En revanche, il est sûr que depuis deux ans, les marges de manœuvre se sont considérablement réduites avec l’absence de majorité au Congrès et que le statu quo a prévalu. C’est probablement sur les questions environnementales et climatiques que le bilan peut paraître décevant. En début de mandat, « the American Clean Energy and Security Act », loi visant à lutter contre le réchauffement climatique et à faciliter la transition vers une économie propre, avait bien été votée à la chambre des représentants en juin 2009 mais n’avait pas été ratifiée par le Sénat. De plus, les dernières années ont été marquées par le fort développement du gaz de schiste1 , les impacts économiques en termes de coût de l’énergie et de créations d’emplois l’emportant sur les préoccupations écologiques.

Les principaux points du programme d’Obama cette année portent sur une réforme fiscale. En particulier, comme en 2008, il souhaite supprimer les baisses d’impôt pour les plus riches et augmenter les taxes sur les revenus du capital.
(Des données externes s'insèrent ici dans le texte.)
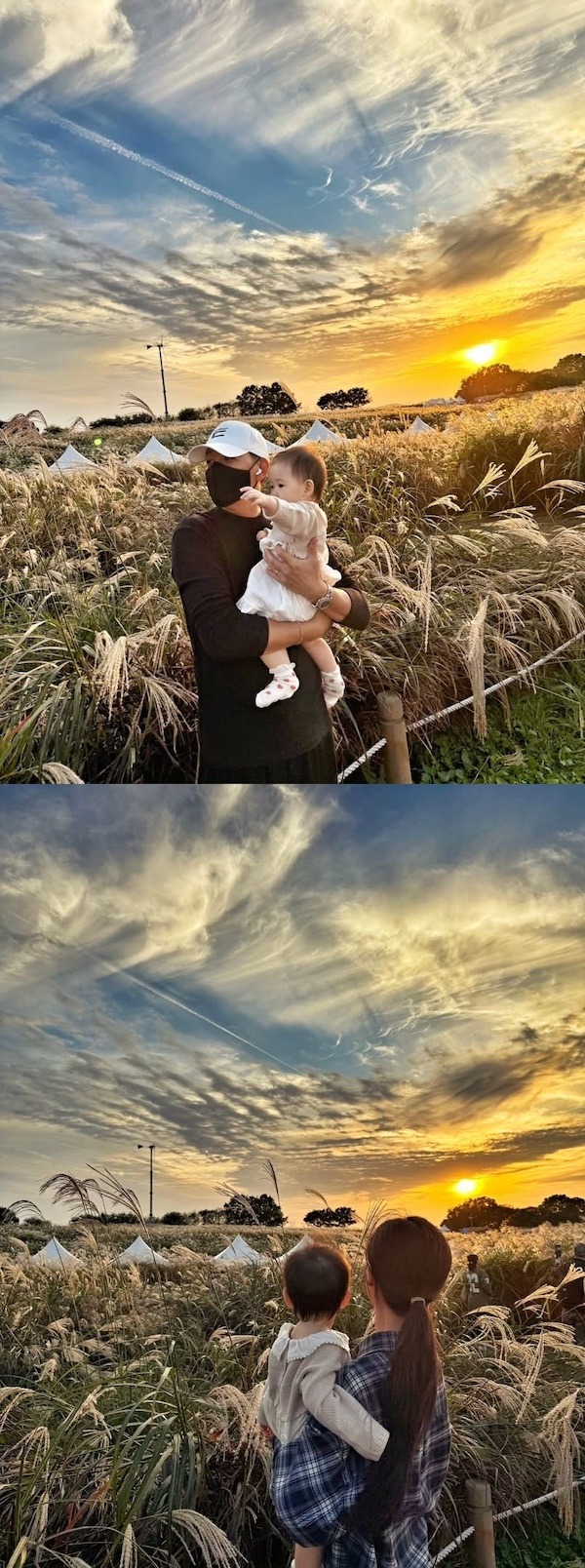 公開された写真には、ススキ野原を背景に幼い娘を抱っこしたリュ・シウォンの姿が写っている。帽子とマスクで顔を隠しながらも、娘を見つめる優しいまなざしが印象的だ。夕焼けに染まる空とススキ野原が調和し、温かな家族の雰囲気を完成させている。

Il est également en faveur d’une baisse du taux d’imposition des entreprises (de 35% à 28%) et de la « fermeture » de certaines niches fiscales2. D’ailleurs, le débat électoral a, en très grande partie, été dominé par la question des finances publiques (le déficit budgétaire était de 7% du PIB en 2012), en particulier par le choc fiscal de grande ampleur, auquel vont être confrontés les américains début 2013 en l’absence d’accord au Congrès (« fiscal cliff » de 600Md$ soit 4pts de PIB). Il est fort probable qu’un compromis soit trouvé aussi bien concernant le « fiscal cliff » que sur l’augmentation du plafond de la dette dans la mesure où ni les démocrates ni les républicains n’ont intérêt à ce que l’économie entre en récession. Pour autant, il est également vraisemblable que cela s’opère dans un climat agité et d’incertitude ayant un coût économique.

Si les enjeux à court terme sont importants – atténuer l’effet du « fiscal cliff » pour éviter une récession l’année prochaine – les challenges de moyen terme le sont également. En effet, les Etats-Unis ont besoin d’un programme de consolidation budgétaire sur le long terme, qui règle la question de la forte progression des dépenses dites « mandataires » (« mandatory spending »)3, recouvrant les programmes « social security, Medicare et Medicaid » qui vont être affectées par le vieillissement de la population et l’arrivée à la retraite des baby-boomers.

NOTES

  1. Cf. Flash n°2012-683 « La révolution du gaz de schiste aux Etats-Unis : bilan et perspectives ».
  2. Cf. SR n°2012-132 « Etats-Unis : Obama remporte un nouveau mandat, le Congrès reste divisé ».
  3. par opposition aux dépenses discrétionnaires dont le montant doit être approuvé tous les ans.